### TASK GOAL
Go to the line with "مخطط الزمكان يوضح" in the entries below and write out every line from there through the line with "Svadba Spolcentrum Svit, výzdoba", exactly and without pictures.

####################

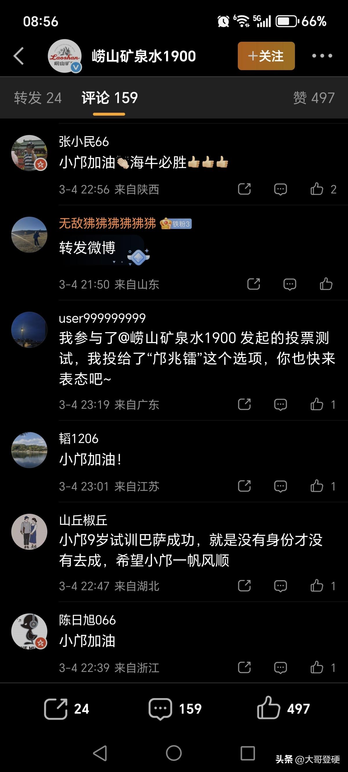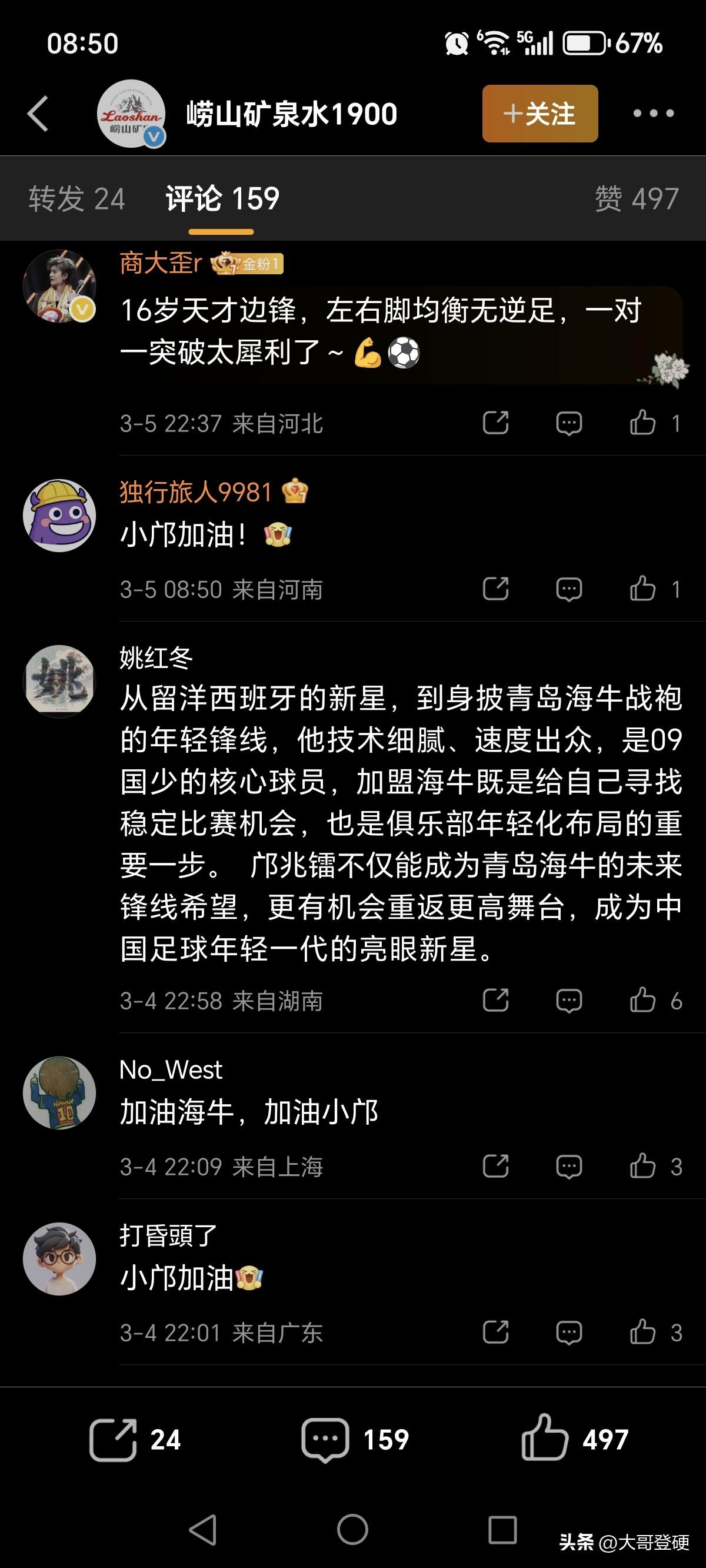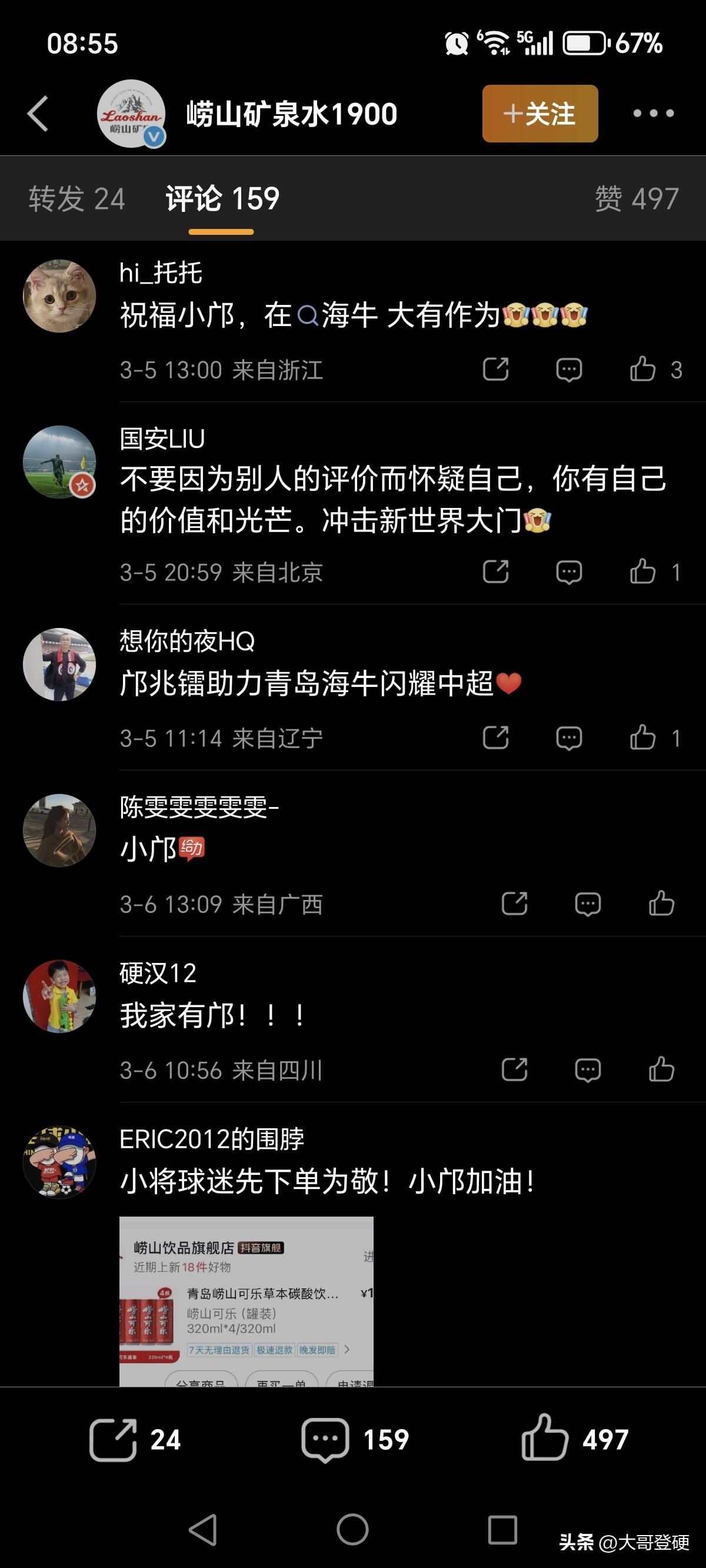 服不服?!足球小将邝兆镭的粉丝,直接“攻陷”了崂山矿泉水的社媒评论区[震惊] 近日,中超青岛海牛队的胸前广告赞助商崂山可乐,在其官方社媒上搞了一个投票,崂山可乐携手青岛海牛,即将推出球星瓶!选出三名谁是你最爱的海牛球星,优先入选球星瓶设计,让全国球迷看看咱青岛的排面…… 出乎意料的是!足球小将和邝兆镭的粉丝,以迅雷不及掩耳盗铃的势头,直接“攻陷”了崂山矿泉水此次活动的评论区[泪奔] 图三、图四、图五这三个短评很经典!感觉一下子就把调子定好了[恐惧] 客观而言,估计这个青岛海牛队胸前赞助商也没想到,人家一个好端端的投票活动,硬生生弄出这样一群乌泱乌泱的[晕] 不得不说,看来不止是邝兆镭可能会降维打击中超。隐隐约约有一种感觉,足球小将的粉丝们,也已经被放出来,可能要降维打击中超了[发怒]
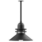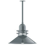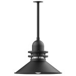 The Atomic Outdoor Rings Stem Pendant brings a traditional 1920's industrial look to your exterior space. The vintage perforated dome shade, with two rings around the top, surrounds a glass jar diffuser, casting warm light around your area. The polyester powder coat finish provides color retention and scratch resistance.
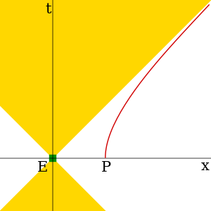 مخطط الزمكان يوضح الجسيم المتسارع بشكل موحد، P، والحدث E الذي يقع خارج أفق الجسيم الظاهري. قمع الضوء الأمامي للحدث لا يتقاطع أبداً مع خط عالم الجسيم
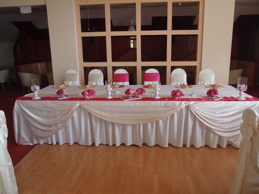 Svadba Spolcentrum Svit, výzdoba ružovo-strieborná
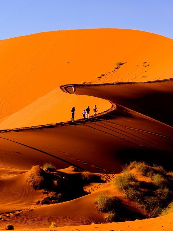Экскурсия начинается рано утром, на рассвете. Здесь вы можете подняться на самые высокие в мире дюны, совершить прогулку к «мертвой долине», где увидите на дне белого солончака выжженные ярким африканским солнцем деревья. И все это – в окружении высочайших песчаных оранжевых дюн под синим небом. Величественные красные дюны являются достигают 400 метров в высоту. Краски здешних мест просто поражают воображение – от темно-бордовых, красных, оранжевых на рассвете и закате до золотистых и розовых оттенков песков днем. Белые солончаки и мертвые деревья в «Долине смерти» на фоне кристально-чистого синего неба останутся в вашей памяти на всю жизнь. А в сезон дождей на плато Соссусфлей красок становится еще больше, наливаются реки, зеленеют деревья. Здесь снято огромное количество красивейших фотографий и фильмов, которые демонстрируют удивительные красоты африканского континента.

####################

### RESULT OF THE TASK
 مخطط الزمكان يوضح الجسيم المتسارع بشكل موحد، P، والحدث E الذي يقع خارج أفق الجسيم الظاهري. قمع الضوء الأمامي للحدث لا يتقاطع أبداً مع خط عالم الجسيم
 Svadba Spolcentrum Svit, výzdoba ružovo-strieborná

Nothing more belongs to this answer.